Top of Source data

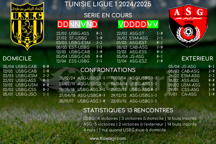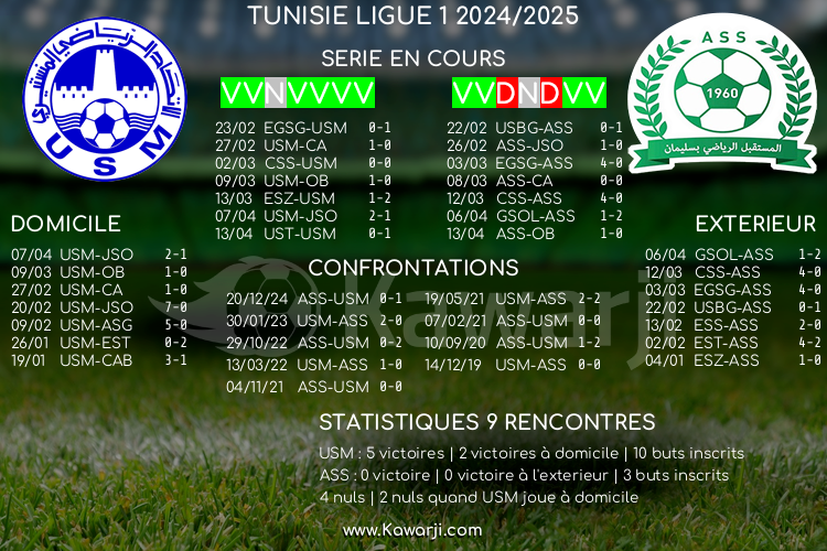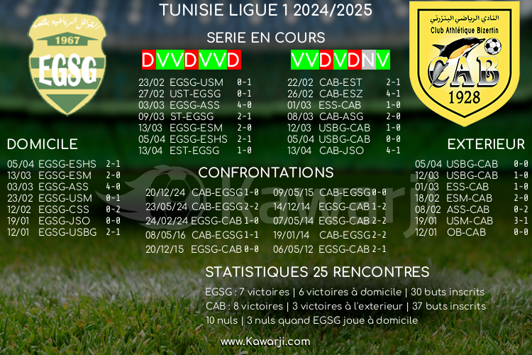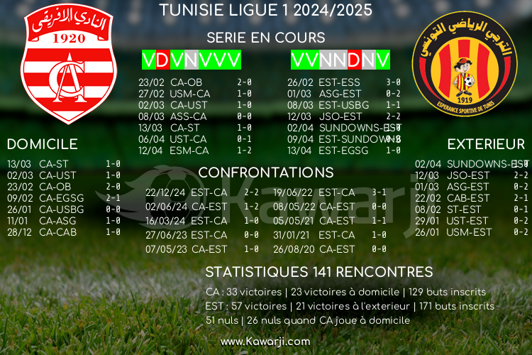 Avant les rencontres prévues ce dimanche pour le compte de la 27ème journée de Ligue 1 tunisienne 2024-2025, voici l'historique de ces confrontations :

Bottom of Source data
Top of Source data

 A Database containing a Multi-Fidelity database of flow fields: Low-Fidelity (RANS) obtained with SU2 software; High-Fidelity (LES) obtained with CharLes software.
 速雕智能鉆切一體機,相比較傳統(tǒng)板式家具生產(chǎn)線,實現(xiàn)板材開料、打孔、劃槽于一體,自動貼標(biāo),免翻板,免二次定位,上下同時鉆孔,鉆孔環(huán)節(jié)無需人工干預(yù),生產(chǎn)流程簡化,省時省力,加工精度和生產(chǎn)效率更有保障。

Bottom of Source data

Among the entries above, locate the lines containing "A Database containing" and "速雕智能鉆切一體機,相比較傳", and transcribe exactly those two lines and all lines between.

 A Database containing a Multi-Fidelity database of flow fields: Low-Fidelity (RANS) obtained with SU2 software; High-Fidelity (LES) obtained with CharLes software.
 速雕智能鉆切一體機,相比較傳統(tǒng)板式家具生產(chǎn)線,實現(xiàn)板材開料、打孔、劃槽于一體,自動貼標(biāo),免翻板,免二次定位,上下同時鉆孔,鉆孔環(huán)節(jié)無需人工干預(yù),生產(chǎn)流程簡化,省時省力,加工精度和生產(chǎn)效率更有保障。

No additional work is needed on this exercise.